The craft is in the dough and the closure. The pastry is made stout, not flaky, because flake would shatter and leak; the crimp is a thick rolled rope of dough along the side, the strongest part of the shell and the part you grip while eating in from the opposite end. The filling, classically beef with potato, rutabaga, and onion, goes in raw and finely cut so it cooks through in the time the crust takes to set, the sealed shell steaming the contents from the inside. Nothing is sauced separately because the filling makes its own juice and the dough has to contain it. This was built as a portable hot meal that survived a shift underground, and the design still reads that way: the pasty is engineered to be eaten without a plate, a wrapper, or a knife.

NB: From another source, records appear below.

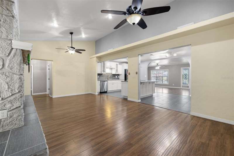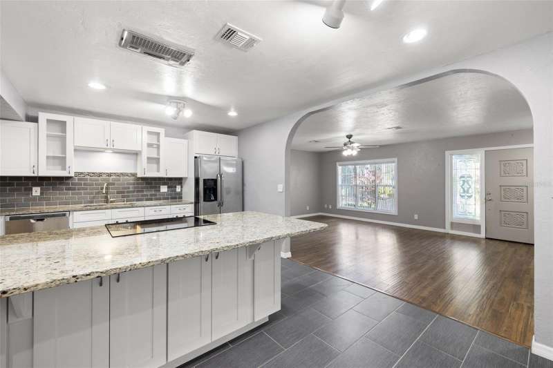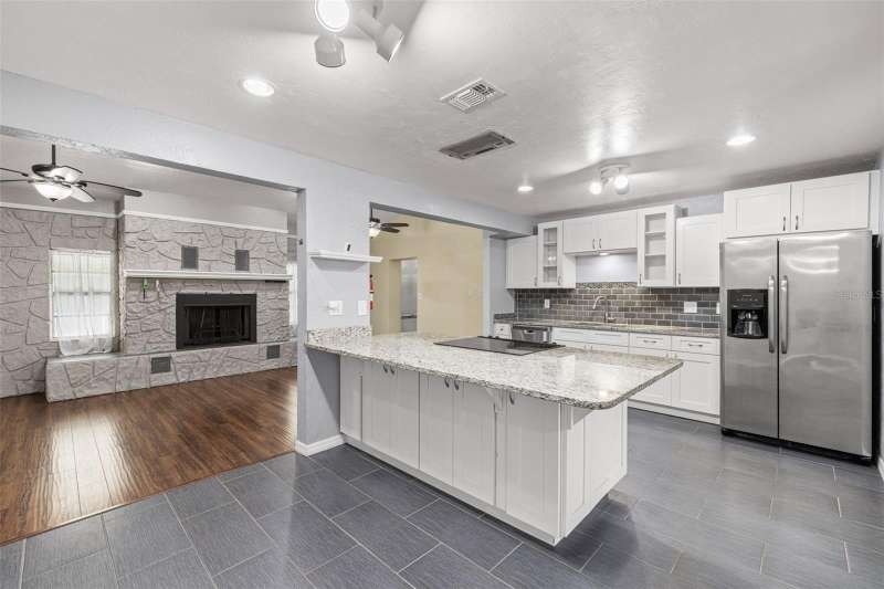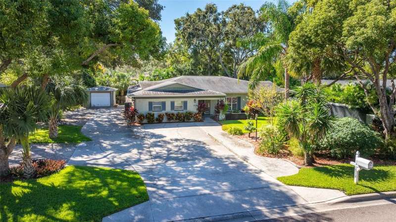 Situated on an oversized, lushly landscaped lot mere blocks from Downtown Palm Harbor, this one-of-a-kind home includes both a generous 4-bedroom 2-bathroom main home and a 1-bedroom 1-bathroom mother-in-law suite ideal for multigenerational living or rental income potential. With 2,828 sq. ft. heated (3,248 gross) this is a home that offers exceptional versatility and true Florida living at its finest. A stone walkway winds through lush, mature landscaping featuring Oaks, Palms, Camphor, avocado, flowering Bird of Paradise, Hibiscus, Plumbago, and vibrant Crape Myrtles, welcoming you to a home well maintained throughout the years. Step inside the main home to find a spacious open floorplan with laminate and tile flooring throughout, completely carpet-free for easy maintenance. LED lighting and ceiling fans illuminate every gathering space and bedroom, while a wood-burning fireplace, vented with fans for efficient heat circulation, sets the tone for cozy evenings. The kitchen is a showstopper with granite countertops, stainless steel appliances, a walk-in pantry, soft-close cabinetry, and a large island housing the stovetop and additional storage. The massive owner’s suite has its own private exit to the sunroom, a large walk-in closet and an ensuite bathroom featuring a walk-in shower. The generously sized bedrooms offer comfort for all. A full laundry room with sink and abundant storage adds everyday practicality. The private in-law suite includes its own entrance, kitchen, bathroom, multiple closets, and stackable laundry hook-up, allowing guests or residents complete independence. An enclosed Florida room equipped with in-wall A/C and heat provides year-round flexibility as an additional living or entertainment space. Outside, the fully fenced backyard feels like a private retreat with a five-zone irrigation system ensuring the landscaping stays lush year-round. A detached workshop with electric and automatic door opener and a level pad with a 30 AMP RV hookup ensure there is space for all your hobbies and toys. With a 2014 roof and 2017 HVAC for peace of mind, this property pairs charm with longevity. With no HOA and no flood insurance required, you’re able to have more flexibility with your home. Top-rated schools are just moments away, and from the mailbox, you can catch views of Honeymoon Island. The local YMCA and Pop Stansell Park, offering a kayak launch, playground, and covered band shell for community events, are right down the road. Downtown Palm Harbor has more food, brew, and entertainment per square foot than any place in Pinellas County. Golfers will love being just 10 minutes from the world-renowned Copperhead Course at Innisbrook, home of the PGA TOUR’s annual Valspar Championship. This is more than a home, it is a lifestyle in one of Palm Harbor’s most coveted locations.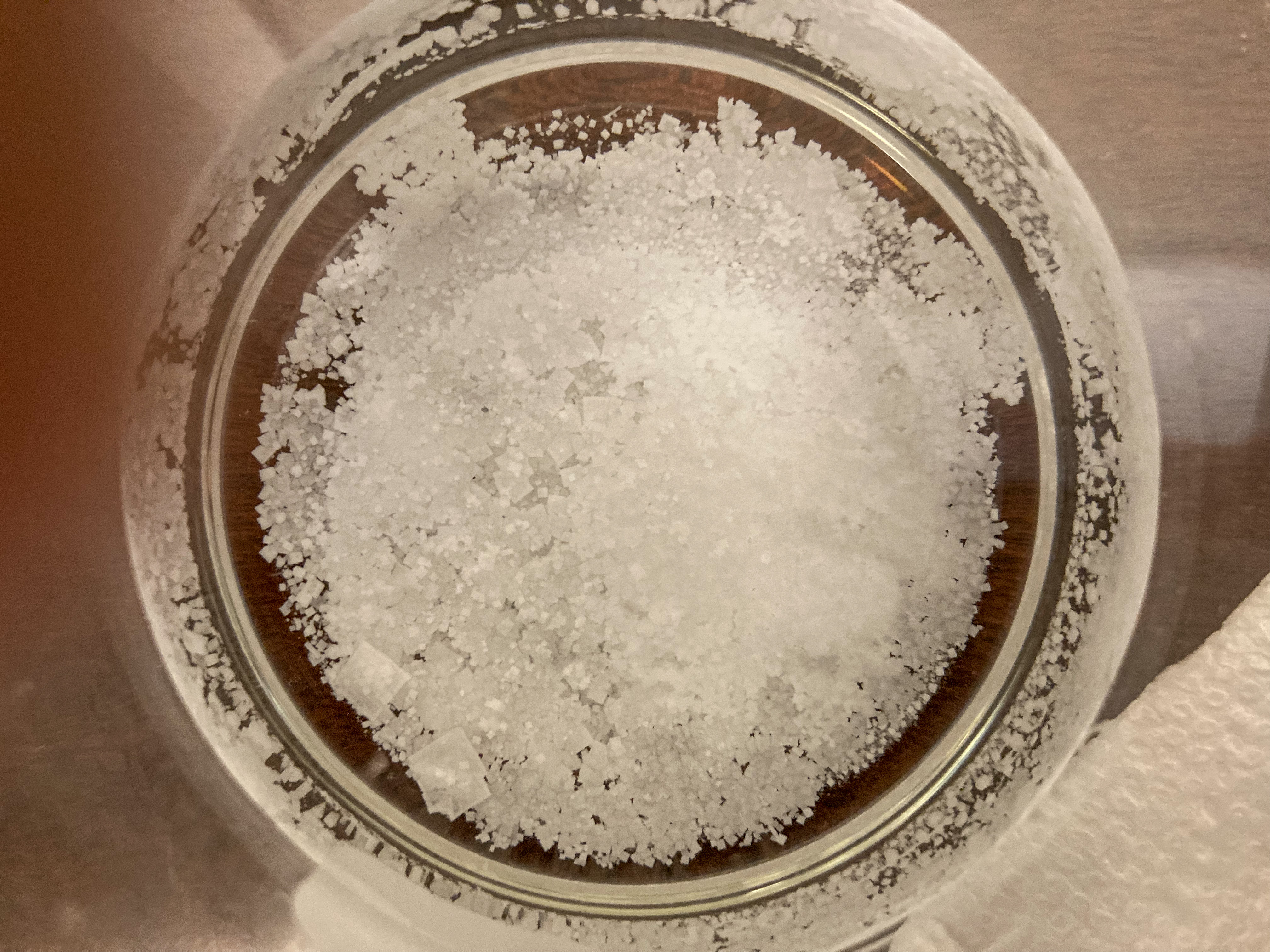 There were indeed a lot of additional salt crystals at the bottom of the glass. And they were all bigger than the fine crystals of table salt that I started with. Some grew from those table salt crystals. Others just decided to show up elsewhere on the bottom of the glass.
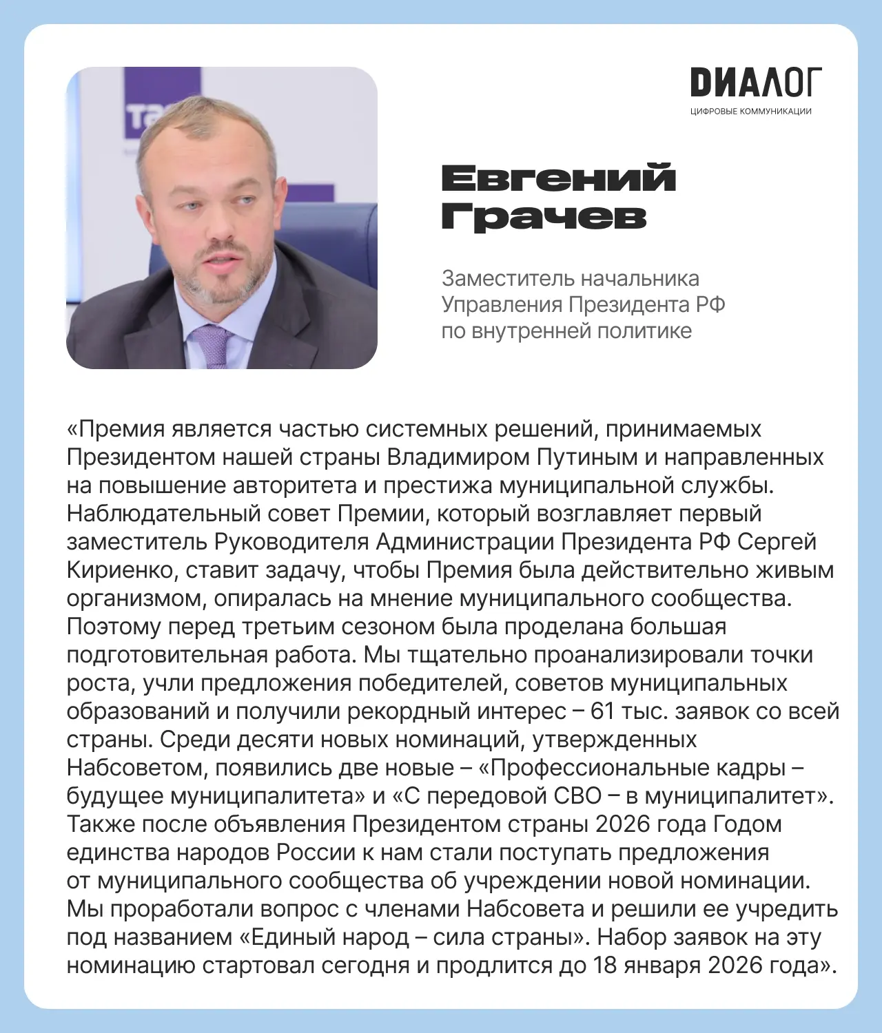 💬 Роль проекта в развитии территорий и поддержке местных инициатив подчеркивает гендиректор АНО «Диалог» и АНО «Диалог Регионы», член Наблюдательного совета Премии Владимир Табак:

The pasty belongs to the stuffed-pocket family, where the close relations differ by dough and filling. The Nebraska runza and bierock seal seasoned beef, cabbage, and onion in a soft yeast dough. The Fleischkuekle fries the same idea instead of baking it. The West Virginia pepperoni roll bakes cured sausage into the bread itself rather than enclosing a separate filling. Each of those is its own sandwich and deserves its own article rather than being crowded in here.